**WORK ITEM**
Though the entries contain pictures, the copy you make should hold only the rest, exactly as written.

Start of DATA PROVIDED

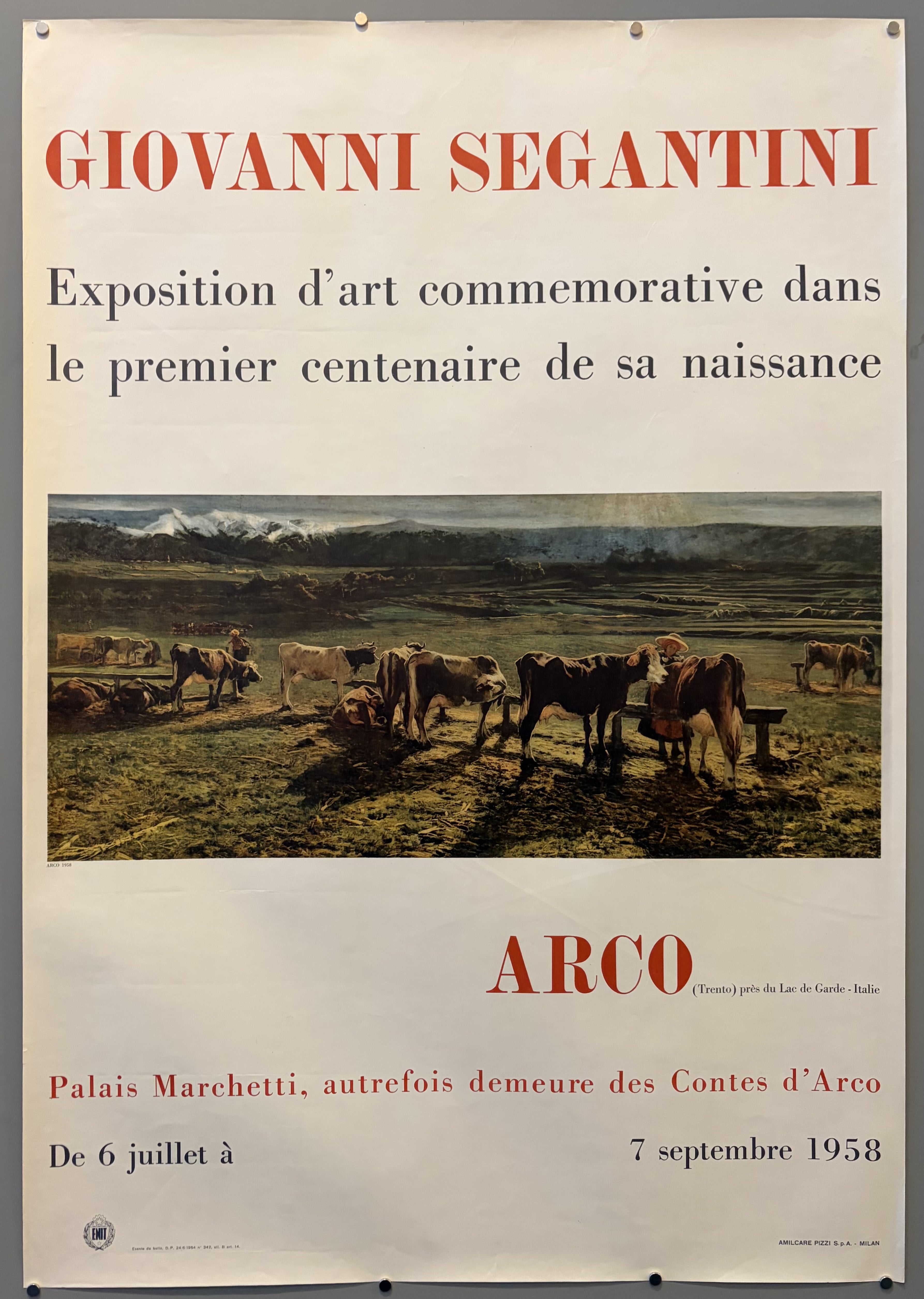 English translation: "Giovanni Segantini / Commemorative art exhibition in the first centenary of his birth / ARCO (Trento) near Lake Garda - Italy / Palazzo Marchetti, former residence of the Counts of Arco"
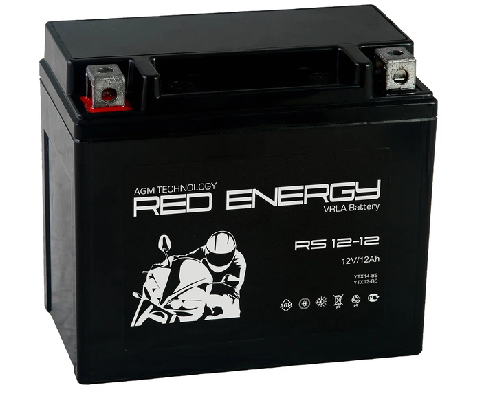 Стартерные аккумуляторы RED ENERGY отвечают международным стандартам JIS / DIN / EN. Рекомендованы для применения в мотоциклах, скутерах, водных мотоциклах, квадроциклах, мотовездеходах, бензиновых и дизельных генераторах. Универсальные размеры стартерных аккумуляторов RED ENERGY подходят для всех известных зарубежных и российских марок мототехники. Особенности: - Изготовлены по технологии AGM - Высокие стартерные токи - Выдерживают тяжелые условия эксплуатации - Увеличенный срок хранения без подзарядки - Быстрое восстановление после глубокого разряда - Низкий саморазряд - Устойчив к циклическим режимам Характеристики: Стартерный ток, A: 180 Емкость, А/ч: 10 Номинальное напряжение постоянного тока, В: 12 Полярность: прямая Габаритные размеры, мм: 150х86х131 Соответствие международному коду JIS: YTX14-BS, YTX12-BS
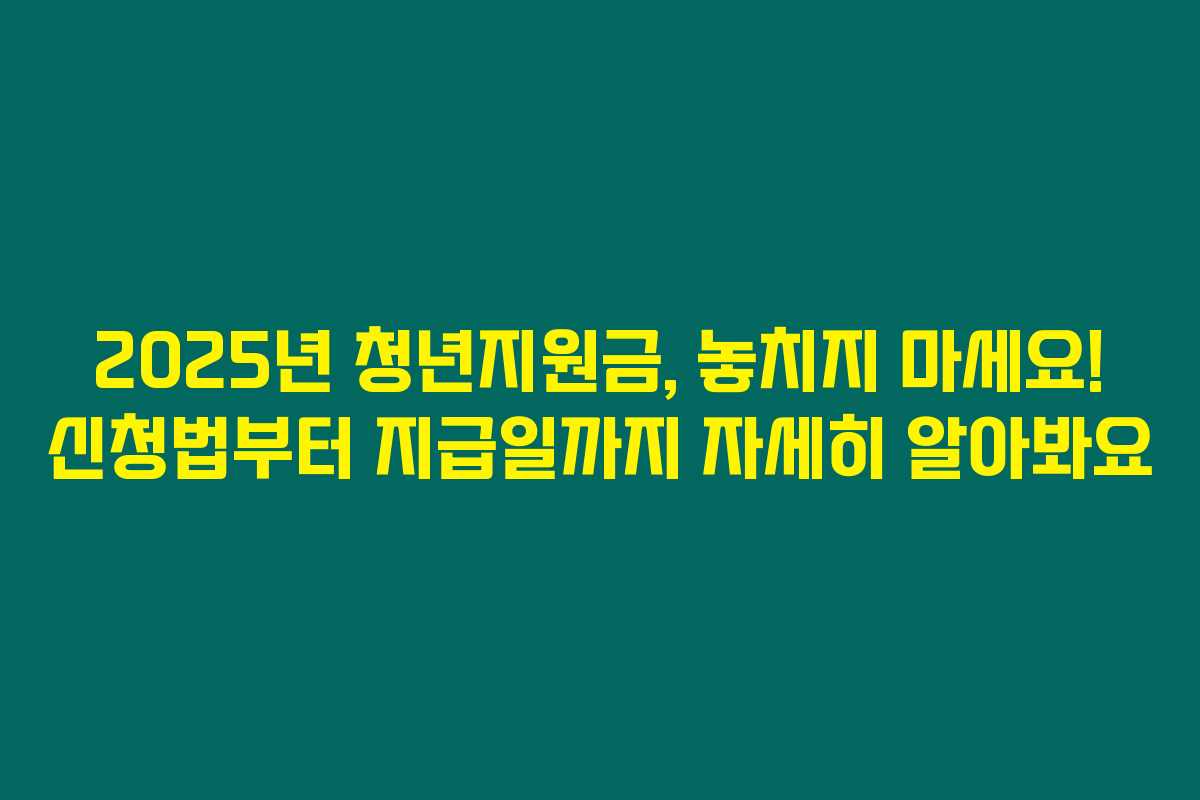 2025년 청년지원금 신청을 놓치지 마세요. 빠르게 신청하셔서 혜택을 누리세요!
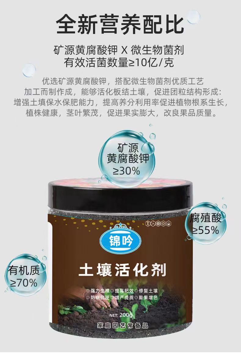 商品名稱:微生物土壤活化劑土壤活化寶礦源黃腐酸鉀菌肥調(diào)理土壤板結(jié)松土精
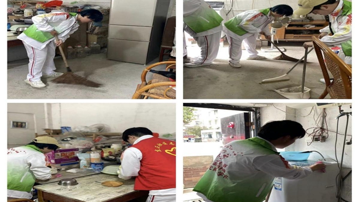 活动结束后志愿者们积极发扬奉献精神,不怕苦、不怕累,使用清洁工具对社区居民家中进行了彻底的清扫,并对家中物品进行摆放、整理。
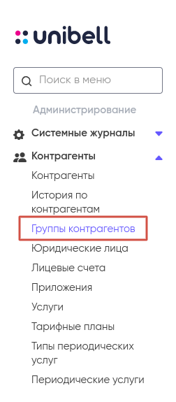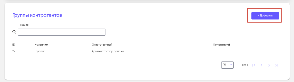 Для того что бы создать группу контрагентов перейдите на соответствующую страницу:
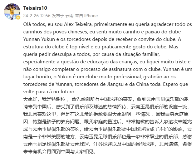 特谢拉写道:大家好,我是特谢拉 ,首先感谢所有中国球迷的喜爱,收到云南玉昆俱乐部的邀请来到中国后,感受到了俱乐部及球迷的热情招待,云南玉昆俱乐部的设施一流,我非常喜欢这里,但是在这非常的抱歉要跟大家说明一些情况 ,因我自身家庭原因,特别是孩子的教育问题,跟我家庭商量过后,非常抱歉的告诉大家这次未能完成与云南玉昆俱乐部的签约,给云南玉昆俱乐部及中国球迷造成了不好的影响。
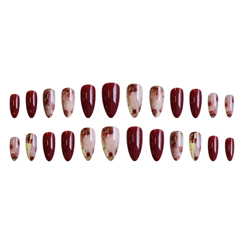 Ozdobná nehtová kolekcia Mandľový tvar 25,6–18,3 mm 12 veľkostí 24 lesklých falošných nechtov Roztomilé vzory s lepidlom
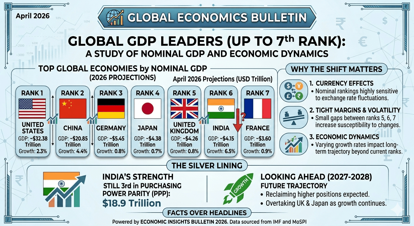For the past few years, India’s rise to the world’s 5th largest economy was a symbol of its global ascent. However, the April 2026 IMF World Economic Outlook has revealed a shift: India has moved to 6th place, with the United Kingdom reclaiming the 5th spot.
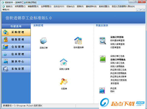 佳软进销存软件(标准版)是一套专注于企业核心业务“采购、销售、仓存、应收应付、财务管理、存货核算”的管理软件。我们吸取了国内外优秀软件及企业用户的应用经验,通过灵活的供应商和客户管理,帮助中小型企业建立一个信息集成的工作环境,实现业务运作的信息共享与全程控制, 使用户高效率地管理好存货、仓库。同时美观、简洁的设计界面,使用户能很快掌握软件的操作方法。【软件特点】
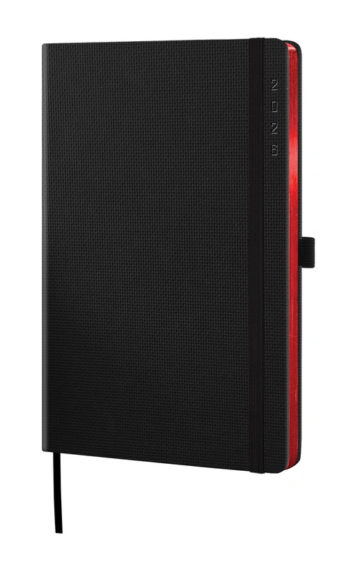 WYKOŃCZENIE: zakładka w kolorze czarnym, zaokrąglone narożniki bloku i oprawy, ranty pokryte metalizowaną folią, gumka zamykająca i szlufka na długopis w kolorze czarnym.
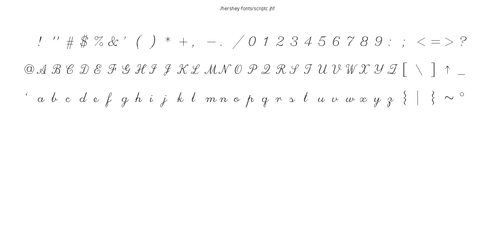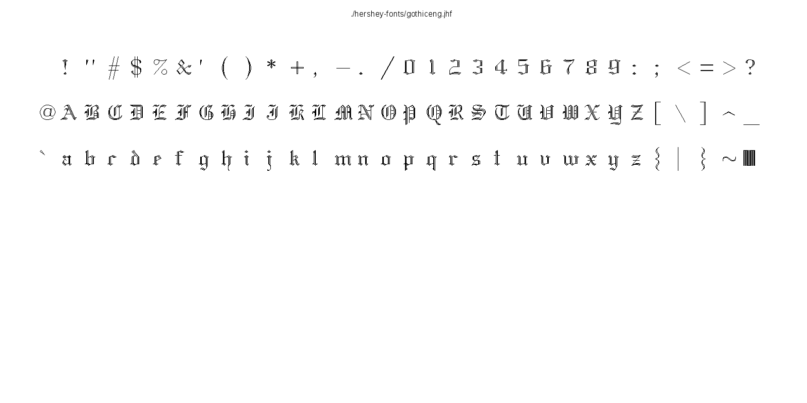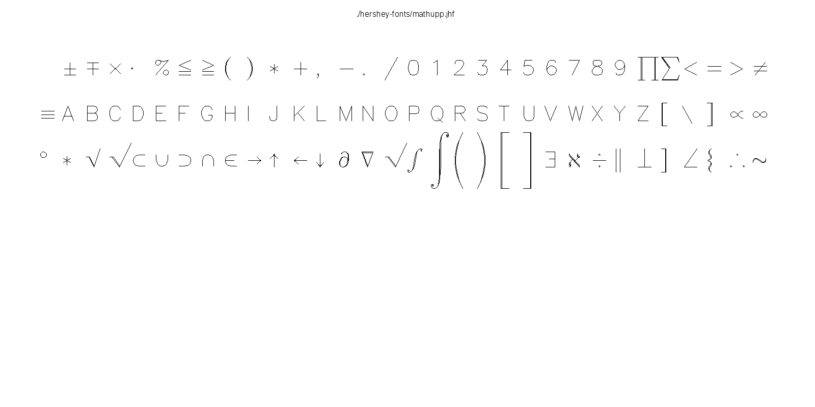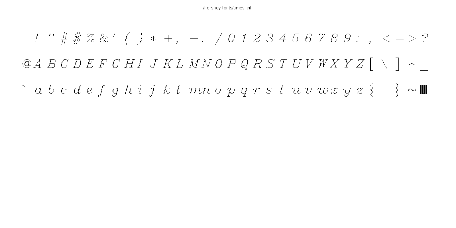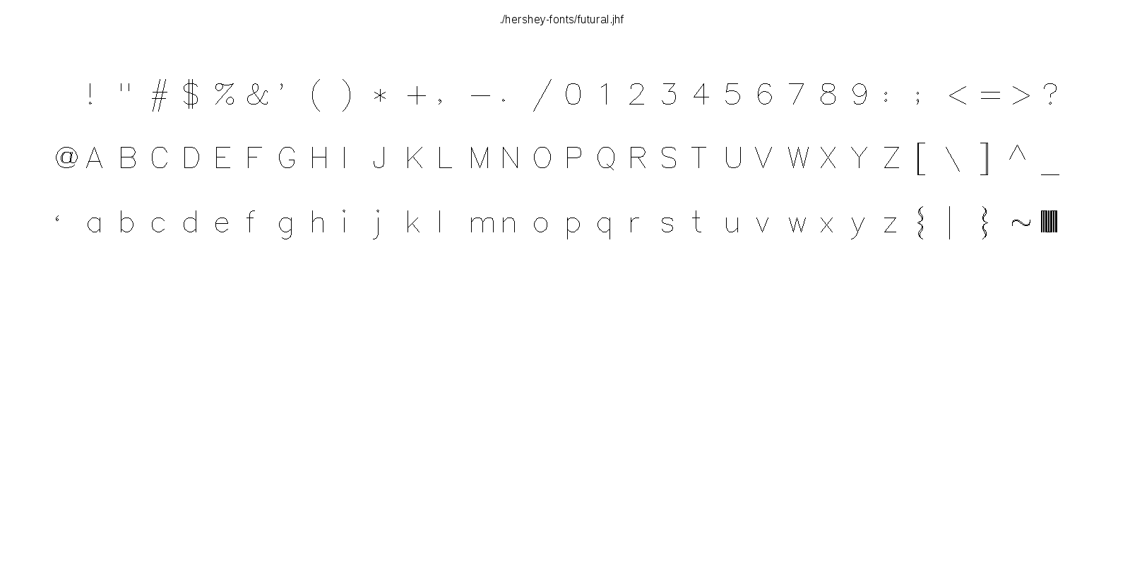 This hershey-fonts package includes Kamal Mostafa's libhersheyfont (a 2013 GPL C library for loading Hershey font files), a gnuplot front-end and other utility programs, as well as the Hershey font glyph data itself. The fonts were converted from Hershey's original NTIS format to the .jhf Hershey file format by James Hurt.

End of DATA PROVIDED

**EXERCISE RESULT**
 English translation: "Giovanni Segantini / Commemorative art exhibition in the first centenary of his birth / ARCO (Trento) near Lake Garda - Italy / Palazzo Marchetti, former residence of the Counts of Arco"
 Стартерные аккумуляторы RED ENERGY отвечают международным стандартам JIS / DIN / EN. Рекомендованы для применения в мотоциклах, скутерах, водных мотоциклах, квадроциклах, мотовездеходах, бензиновых и дизельных генераторах. Универсальные размеры стартерных аккумуляторов RED ENERGY подходят для всех известных зарубежных и российских марок мототехники. Особенности: - Изготовлены по технологии AGM - Высокие стартерные токи - Выдерживают тяжелые условия эксплуатации - Увеличенный срок хранения без подзарядки - Быстрое восстановление после глубокого разряда - Низкий саморазряд - Устойчив к циклическим режимам Характеристики: Стартерный ток, A: 180 Емкость, А/ч: 10 Номинальное напряжение постоянного тока, В: 12 Полярность: прямая Габаритные размеры, мм: 150х86х131 Соответствие международному коду JIS: YTX14-BS, YTX12-BS
 2025년 청년지원금 신청을 놓치지 마세요. 빠르게 신청하셔서 혜택을 누리세요!
 商品名稱:微生物土壤活化劑土壤活化寶礦源黃腐酸鉀菌肥調(diào)理土壤板結(jié)松土精
 活动结束后志愿者们积极发扬奉献精神,不怕苦、不怕累,使用清洁工具对社区居民家中进行了彻底的清扫,并对家中物品进行摆放、整理。
 Для того что бы создать группу контрагентов перейдите на соответствующую страницу:
 特谢拉写道:大家好,我是特谢拉 ,首先感谢所有中国球迷的喜爱,收到云南玉昆俱乐部的邀请来到中国后,感受到了俱乐部及球迷的热情招待,云南玉昆俱乐部的设施一流,我非常喜欢这里,但是在这非常的抱歉要跟大家说明一些情况 ,因我自身家庭原因,特别是孩子的教育问题,跟我家庭商量过后,非常抱歉的告诉大家这次未能完成与云南玉昆俱乐部的签约,给云南玉昆俱乐部及中国球迷造成了不好的影响。
 Ozdobná nehtová kolekcia Mandľový tvar 25,6–18,3 mm 12 veľkostí 24 lesklých falošných nechtov Roztomilé vzory s lepidlom
For the past few years, India’s rise to the world’s 5th largest economy was a symbol of its global ascent. However, the April 2026 IMF World Economic Outlook has revealed a shift: India has moved to 6th place, with the United Kingdom reclaiming the 5th spot.
 佳软进销存软件(标准版)是一套专注于企业核心业务“采购、销售、仓存、应收应付、财务管理、存货核算”的管理软件。我们吸取了国内外优秀软件及企业用户的应用经验,通过灵活的供应商和客户管理,帮助中小型企业建立一个信息集成的工作环境,实现业务运作的信息共享与全程控制, 使用户高效率地管理好存货、仓库。同时美观、简洁的设计界面,使用户能很快掌握软件的操作方法。【软件特点】
 WYKOŃCZENIE: zakładka w kolorze czarnym, zaokrąglone narożniki bloku i oprawy, ranty pokryte metalizowaną folią, gumka zamykająca i szlufka na długopis w kolorze czarnym.
 This hershey-fonts package includes Kamal Mostafa's libhersheyfont (a 2013 GPL C library for loading Hershey font files), a gnuplot front-end and other utility programs, as well as the Hershey font glyph data itself. The fonts were converted from Hershey's original NTIS format to the .jhf Hershey file format by James Hurt.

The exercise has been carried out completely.